Question: How do you use the product to sum formulas to write \[6\sin \left( \dfrac{\pi }{4} \right)\cos \left...

Question

How do you use the product to sum formulas to write $6\sin \left( \dfrac{\pi }{4} \right)\cos \left( \dfrac{\pi }{4} \right)$ as a sum or difference?

Answer 1

Solution

In order to find the solution of the given question that is to use the product to sum formulas to write $6\sin \left( \dfrac{\pi }{4} \right)\cos \left( \dfrac{\pi }{4} \right)$ as a sum or difference apply one of the identities of trigonometry that is named as product of sum formula represented as $2\sin \left( x \right)\cos \left( y \right)=\sin \left( x+y \right)+\sin \left( x-y \right)$ . $\sin \left( 2x \right)=2\sin \left( x \right)\cos \left( x \right)$ and solve the given expression further to get the simplified answer.
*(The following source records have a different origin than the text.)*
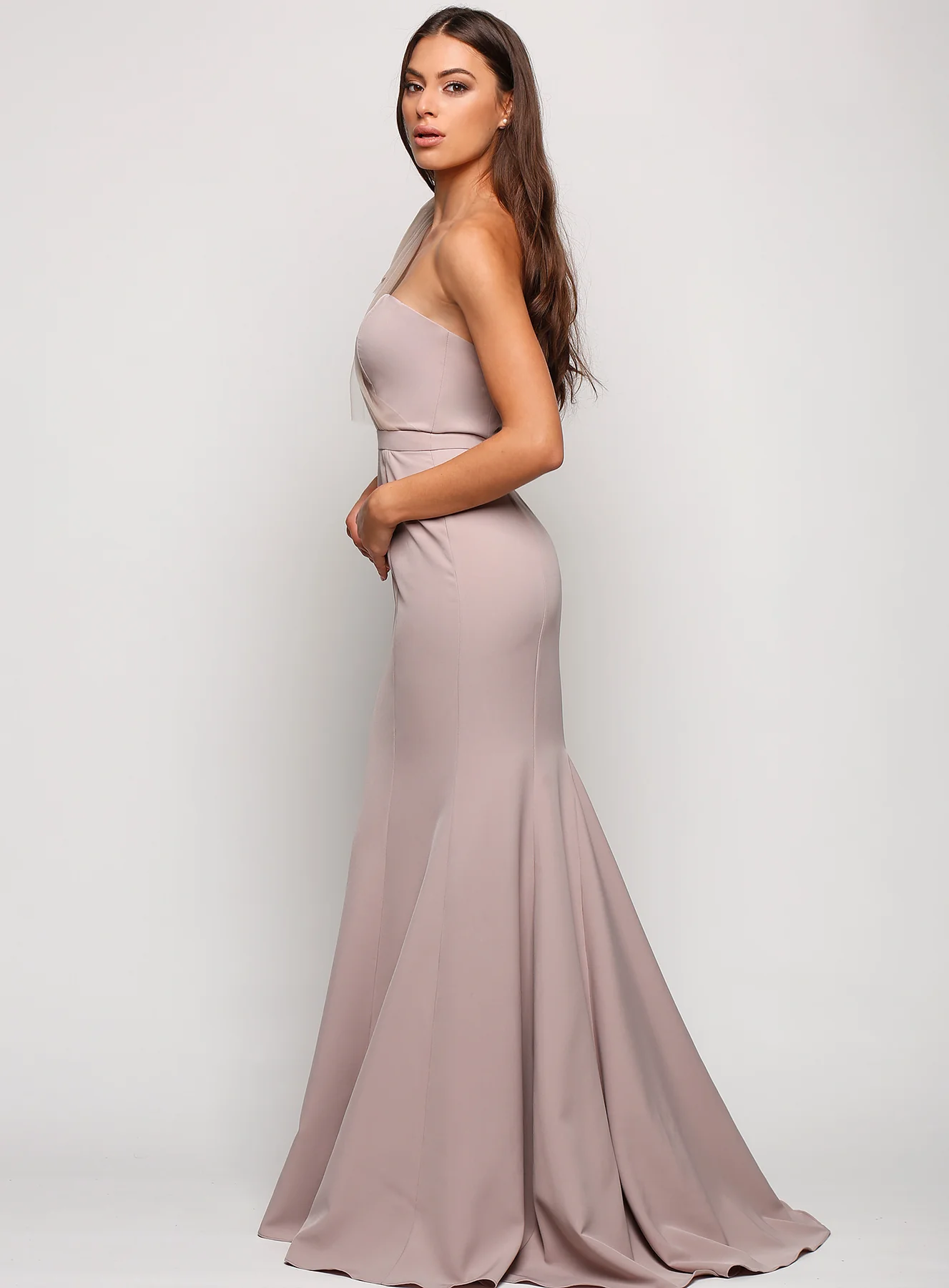 Samantha Rose Marissa Dress, one shoulder formal gown, bridesmaid dresses Australia, fitted evening dress, school formal gown, crepe one shoulder dress, wedding guest outfit, Guyz & Dollz formalwear
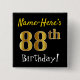 Chapa Cuadrada Negro, Faux Gold 88th Birthday, con nombre persona
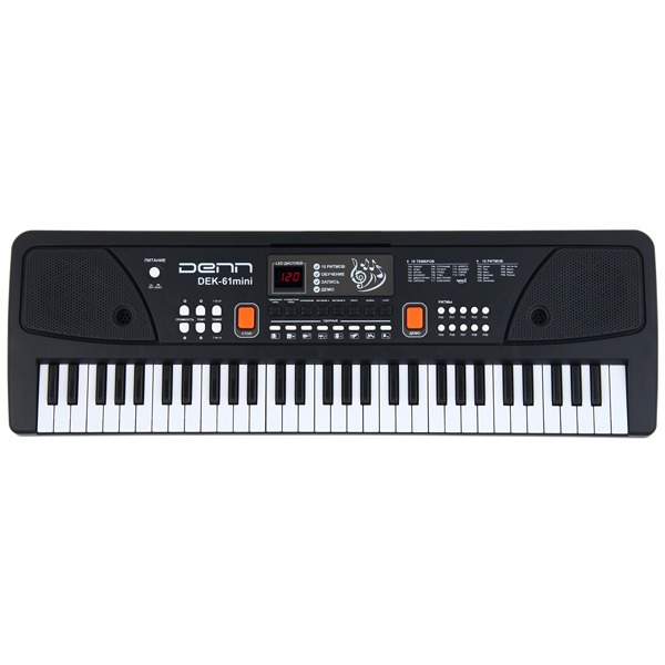 Устройство имеет синтезаторную механику и невзвешенную клавиатуру. Малоразмерные клавиши удобны для детских пальчиков. Также стоит отметить 16 общих тембров и 10 стилей автоаккомпанемента. В конструкции синтезатора имеется функция обучения и секвенсор с 6 предустановленными композициями. Один выход на наушники (jack 6.3 мм) и 2 динамика дополняют конструкцию синтезатора. Вес Denn DEK61mini – всего 1 кг, что делает его особенно удобным для использования ребенком.
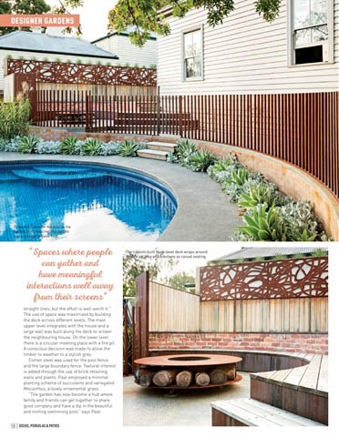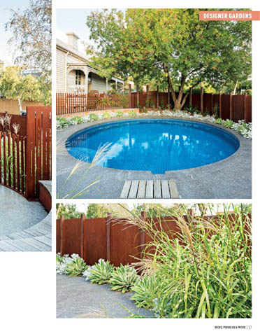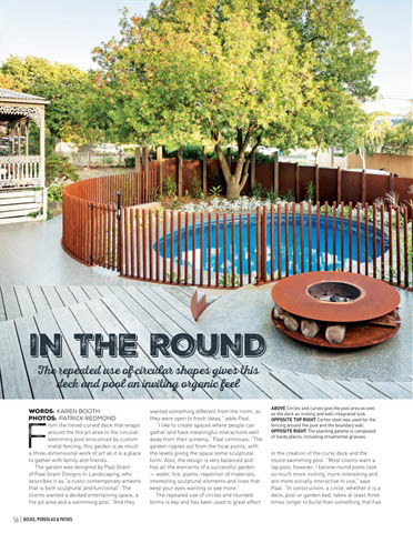 The Hawthorn Corten-Framed Circular Pool Garden was featured in Backyard Decks, Pergolas & Patios Magazine (July 2017), recognised for its bold use of form and repetition. The circular pool sets the foundation for the entire design, with curves and geometry carried consistently through the layout to create a cohesive and inviting outdoor space.
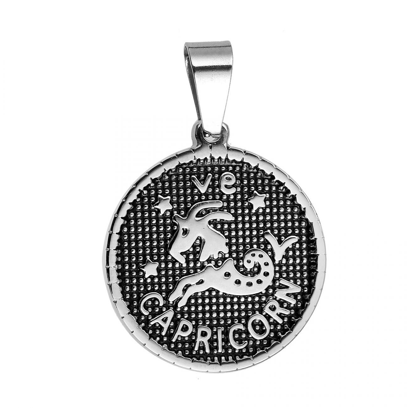 Ocelový přívěsek - kulatá destička se znamením horoskopu.

Complete step by step answer:
According to the question, given expression in the question is as follows:
$6\sin \left( \dfrac{\pi }{4} \right)\cos \left( \dfrac{\pi }{4} \right)$
$\Rightarrow 3\left( 2\sin \left( \dfrac{\pi }{4} \right)\cos \left( \dfrac{\pi }{4} \right) \right)$
Applying one of the identities of trigonometry which is named as product of sum formula that is $2\sin \left( x \right)\cos \left( y \right)=\sin \left( x+y \right)+\sin \left( x-y \right)$ in the above expression we get:
$\Rightarrow 3\left( 2\sin \left( \dfrac{\pi }{4} \right)\cos \left( \dfrac{\pi }{4} \right) \right)=3\left( \sin \left( \dfrac{\pi }{4}+\dfrac{\pi }{4} \right)+\sin \left( \dfrac{\pi }{4}-\dfrac{\pi }{4} \right) \right)$
Now simplify the above expression, by solving the bracket outside the above expression, we get:
$\Rightarrow 3\left( 2\sin \left( \dfrac{\pi }{4} \right)\cos \left( \dfrac{\pi }{4} \right) \right)=3\sin \left( \dfrac{\pi }{4}+\dfrac{\pi }{4} \right)+3\sin \left( \dfrac{\pi }{4}-\dfrac{\pi }{4} \right)$
After this simplify the above expression, by solving the bracket of the angle of sine we will have:
$\Rightarrow 3\left( 2\sin \left( \dfrac{\pi }{4} \right)\cos \left( \dfrac{\pi }{4} \right) \right)=3\sin \left( \dfrac{\pi }{2} \right)+3\sin 0$
We know that $\sin \left( 0 \right)=0$ , so applying this result in the above formula we will have:
$\Rightarrow 3\left( 2\sin \left( \dfrac{\pi }{4} \right)\cos \left( \dfrac{\pi }{4} \right) \right)=3\sin \left( \dfrac{\pi }{2} \right)$
Therefore, the given expression $6\sin \left( \dfrac{\pi }{4} \right)\cos \left( \dfrac{\pi }{4} \right)$ is equal to $3\sin \left( \dfrac{\pi }{2} \right)$ .

Note:
There’s an alternative way to solve the above question, which is as follows:
Given expression in the question is as follows:
$6\sin \left( \dfrac{\pi }{4} \right)\cos \left( \dfrac{\pi }{4} \right)$
We can rewrite the above expression as follows:
$\Rightarrow 3\left( 2\sin \left( \dfrac{\pi }{4} \right)\cos \left( \dfrac{\pi }{4} \right) \right)$
Applying one of the identities of trigonometry that is $\sin \left( 2x \right)=2\sin \left( x \right)\cos \left( x \right)$ in the above expression we get:
$\Rightarrow 3\left( 2\sin \left( 2\cdot \dfrac{\pi }{4} \right) \right)$
Now simplify the above expression, by solving the bracket of the angle of sine and the bracket outside the above expression, we get:
$\Rightarrow 3\sin \left( \dfrac{\pi }{2} \right)$
Hence, we can write the final answer as:
$\Rightarrow 3\left( 2\sin \left( \dfrac{\pi }{4} \right)\cos \left( \dfrac{\pi }{4} \right) \right)=3\sin \left( \dfrac{\pi }{2} \right)$
Therefore, the given expression $6\sin \left( \dfrac{\pi }{4} \right)\cos \left( \dfrac{\pi }{4} \right)$ is equal to $3\sin \left( \dfrac{\pi }{2} \right)$ .